Yıllardan beri susma ve gizlenme yolunu seçmiş Türkiye azınlıkları artık taleplerini ve güncel olaylara ilişkin yorumlarını duyurabilmek için seslerini çıkarıyor. Özellikle azınlık gençlerinin yoğun bir asimilasyonla karşı karşıya olduğu bu günlerde bir grup Ermeni ve Süryani genci, kültürlerini anlatabilmek ve Türkiye'deki varlıklarını değerlendirmek için radyo programı yapıyorlar.
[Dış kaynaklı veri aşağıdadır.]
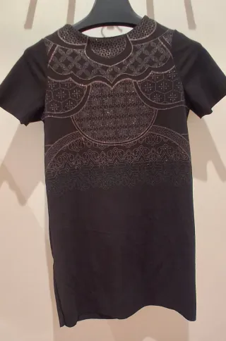 Vestido de Zara con un diseño elegante y detalles brillantes. - Manga corta. - Cuello redondo. - Adornos con pedrería y bordados. - Corte recto.

Kültürleri benzer iki halkın bireyleri olan Süryani ve Ermeni gençler, yaptıkları programla bugüne kadar pek de alışık olunmayan bir olaya imza atıyorlar. Belirli bir zaman öncesine kadar söylenemeyen Ermeni ve Süryani sözcükleri, program süresince yayınlanan Ermenice ve Süryanice ezgilerle Anadolu ve Mezopotamya'nın kadim halklarını tanıtıyor. 2002 yılında açılacağı bildirilen Ermenice radyonun çalışmalarıyla başlayan radyoculuk istekleri
Sasonlu Alex'i,
Sinoplu Sayat'ı bir arayışa iter. 2006 yılı ortalarında seslerini duyurma isteğinde olan
Alex ve
Sayat, internet radyoculuğuna el atmak üzereyken,
Yaşam Radyo içerisinde seslerini duyurabileceklerini öğrenirler. Yoğun çalışmalar ardından planlanan program içeriği ardından ilk yayına başlanır. İlk programlardaki heyecan yerini zamanla profesyonelliğe bırakırken, kültürlerin iç içe geçtiği Türkiye toplumlarını daha bir cesaretlenerek anlatmaya devam eder.
Programın adı
Programın adına Ermenice aşure anlamına gelen 'Anuşabur'. Program yapımcıları bunu 'çokkültürlülük' kavramına bağlıyorlar. Anuşabur'la bugüne kadar nesne durumunda olan azınlıkların, yanlış anlatılmış toplumların artık kendilerini ifade etmeleri gerektiğini düşünüyorlar.
Süryanice bir ses 'Şlomo'
Anuşabur ekibine bu dönem bir de Süryani katılmış. Mardinli bir Süryani olan Zeki, sözlerine Lozan'da azınlık konumunda sayılan Süryanilerin azınlıkların haklarına sahip olmadığını, bunun hala çözülmemiş bir konu olduğunu belirterek başlıyor. Eğitim ve diğer haklarının olmadığını belirten Zeki, radyoda kendini anlatabilmek ve halklar arasında yaratılan önyargıları biraz olsun kırabilmek için Anuşabur'a sesini kattığını söylüyor. Göçler ardından kalanların son temsilcilerinden olan Zeki, Süryani halkını anlatırken istemsiz olarak bin yıllar öncesine giderek bugün parça parça edilmiş bir tarihi cümlelerine sığdırıyor. Adı gibi kültürlerin aşuresi niteliğinde olan program 1980'li yıllardan sonra hızlanarak devam eden asimilasyon ve apolitizasyon politikalarının boşa çıktığını bir kez daha anlatırken, program sunucularının belirttiği ortak şiar olan 'halkların kardeşliği'ni bir kez daha kanıtlarcasına ezgilere eşlik eden Kürtçe stranlarla özgür, barış ve kardeşlik dolu geleceğe atılan adımların ne kadar yerinde olduğunu gösteriyor. Anuşabur programı her salı saat 20.00'de Yaşam Radyo'da (internet ortamında da) dinlenebilir.